Also the errors you see is I believe an error stating that the failure cases are not the same. So if you explicitly introduced hash maps with shuffled iterations order, it makes sense that the dependency trees in an error case can be different. Indeed, there can be different reasons why a set of dependencies might be incompatible. And different paths may produce different errors. So I interpret the error you got as a normal behavior of that failsafe test, which detects something non-reproducible is happening. But it doesn't mean the solver failed when it should have succeeded. It just means it failed differently. At least that's my interpretation.

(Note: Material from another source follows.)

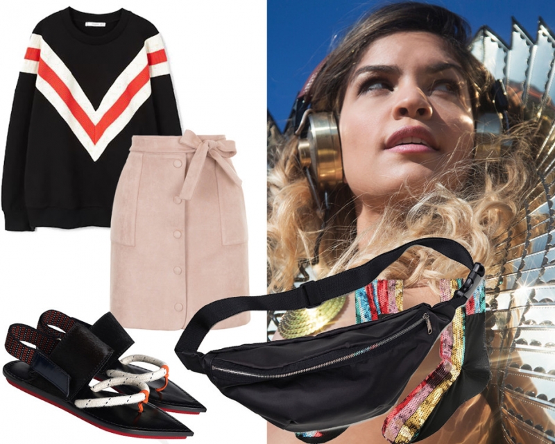 Надень что-нибудь хипстерское, например, юбку со свитшотом и поясной сумкой. Свитшот можно заправить.

BurntSushi commented 5 months ago

But it doesn't mean the solver failed when it should have succeeded. It just means it failed differently. At least that's my interpretation.

I believe that interpretation roughly matches the kind of failure we're seeing on our non-public code. That is, something about how the solver failed can change from run-to-run, which in turn changes the error message presented to the end user.

Eh2406 commented 5 months ago

First off it's an honor to receive this PR/bug report from you! I have long been an admirer of your work.

As you noticed, it is much harder to test code that has non-determinism. So for our own sanity, we try and make sure pubgrub is deterministic if it's inputs are deterministic. The prop_same_on_repeated_runs test is our way of checking if we have added non-determinism. so I'm glad to see it is failing when you replaced our intentionally deterministic hasher within intentionally nondeterministic one.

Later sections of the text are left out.